Goody’s Fast Relief 500

MARTINSVILLE, VA - APRIL 03:  Kyle Busch, driver of the #18 M&M's 75th Anniversary Toyota, celebrates in Victory Lane after winning the NASCAR Sprint Cup Series STP 500 at Martinsville Speedway on April 3, 2016 in Martinsville, Virginia.  (Photo by Matt Sullivan/NASCAR via Getty Images)

(Photo by Matt Sullivan/NASCAR via Getty Images)

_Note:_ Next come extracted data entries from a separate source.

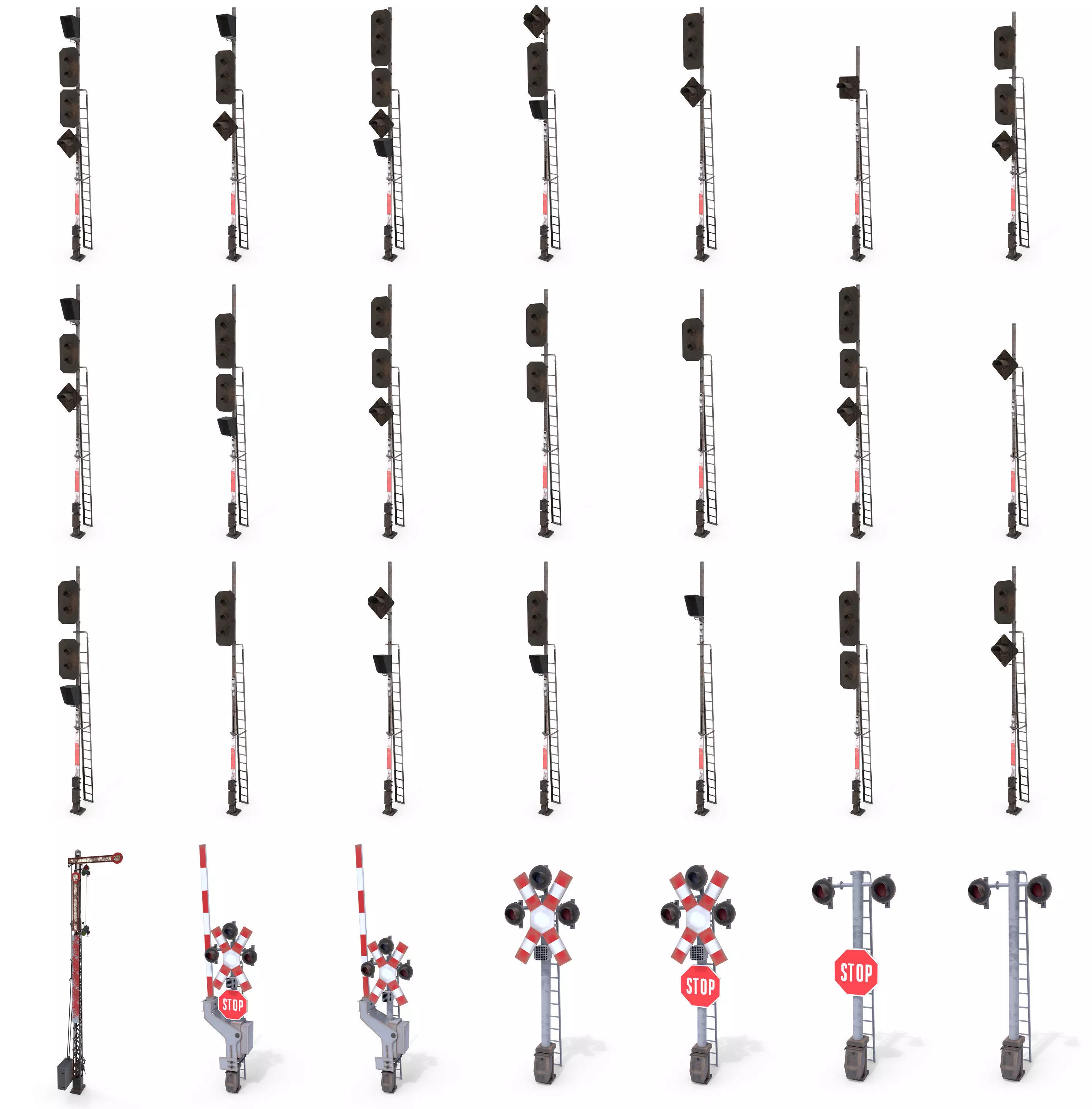 This pack contains the following:-22 Rail Crossing Traffic Light models;-6 Rail Crossing Traffic Light models;-1 Mechanical Railway Semaphore;All models are built in Blender and rendered with Cycles, with PBR materials, Game-Ready. As seen on the preview images. They come into separate file archives for convenience.The models can also be bought separately, please see my collection.
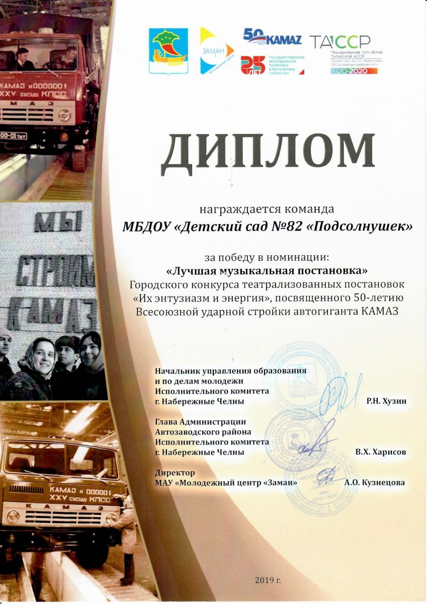 Театральная труппа детского сада №82 стали победителями в номинации "Лучшая музыкальная постановка" в городском конкурсе "Их энтузиазм и энергия", который посвящен 50 летию Камаза.
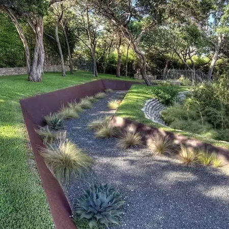 本叫枯山水,有禪意,節水,低維護,方便介入。有時,旱溪也可以做河底,甚至
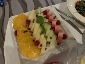 Am nächsten Morgen gingen wir recht zeitig zum Frühstück, es waren noch nicht viele Gäste da. Schön war, dass wir direkt begrüßt wurden und uns zwei Hochstühle angeboten wurden. Wir hatten freie Wahl bei den Tischen und haben uns einen großen Tisch am Rand ausgesucht.

Martinsville is one of the short, flat tracks. While they vary in length, Richmond International Raceway, New Hampshire Motor Speedway, and Phoenix International Raceway all share a similarity. In order to go fast on these tracks, drivers have to ease into the turns and accelerate at the apex. That was true last month in the Bad Boy Off Road 300 in New Hampshire and it will be the case two weeks from now in Arizona.

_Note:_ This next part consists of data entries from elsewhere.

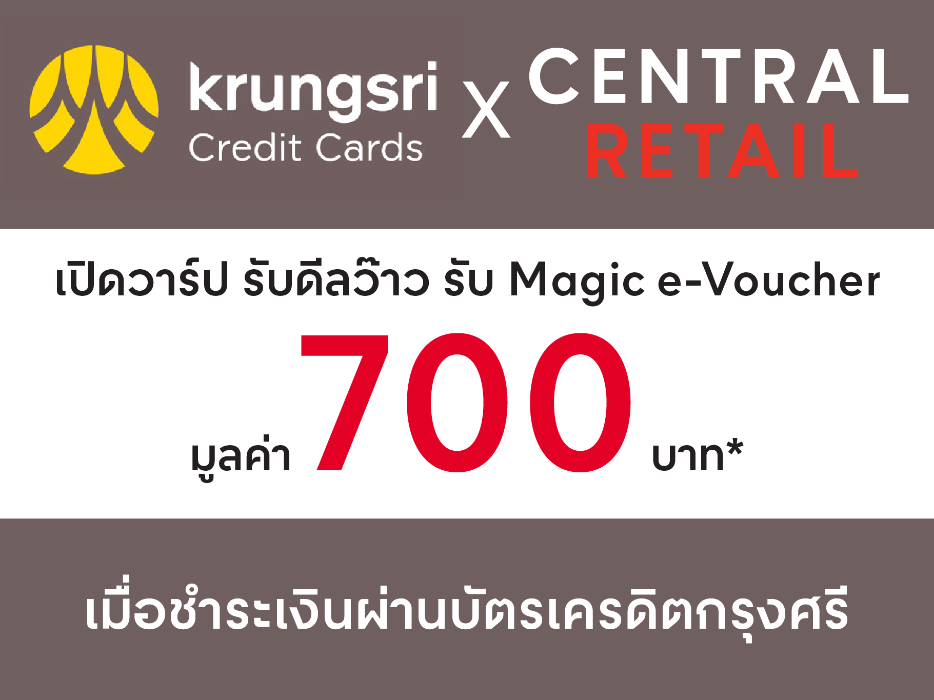 Central Retail X Krungsri Credit Card รับ Magic eVoucher 700 บาท
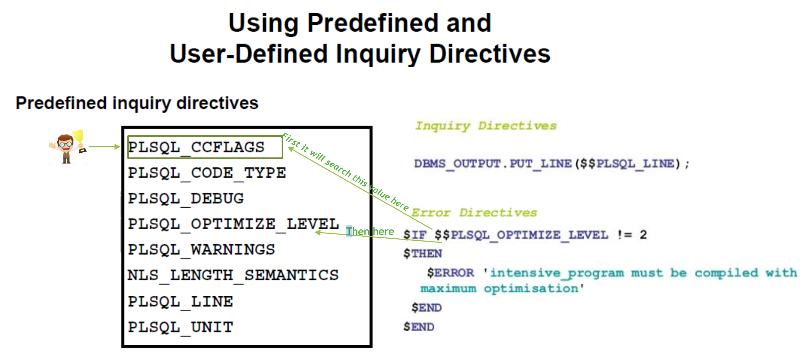 --아래처럼 $$로 접근하면 plsql_ccflags에서 먼저 조회하고 있으면 불러오고 없으면 name 컬럼에서 찾음
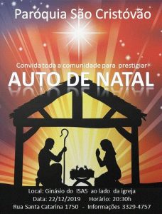 . A Secretaria Paroquial ficará fechada em Dezembro nos dias 23, 26 e 27. No dia 28 funcionará das 8h às 12h. Reabrirá no dia 02 de Janeiro de 2020.

With three short, flat track races in the Chase, skill on this course type is imperative to winning the Championship on par with the similarly-configured, 1.5-mile tracks. Round three is significant because two of the short, flat track events can be found there—just as round two had a pair of “cookie-cutter” races. In between Martinsville and Phoenix, NASCAR visits the final similarly-configured, 1.5-mile track of Texas Motor Speedway. Despite being 1.5-miles in length, Homestead-Miami Speedway’s shape is unique and makes the Ford 400 inimitable.

Martinsville is also a short track. Along with Richmond, fantasy owners can look for inspiration to Bristol Motor Speedway. The high, progressively contoured banks on that track are certainly different than the 12 degrees of banking faced this week, but on both courses racers have to navigate heavy traffic.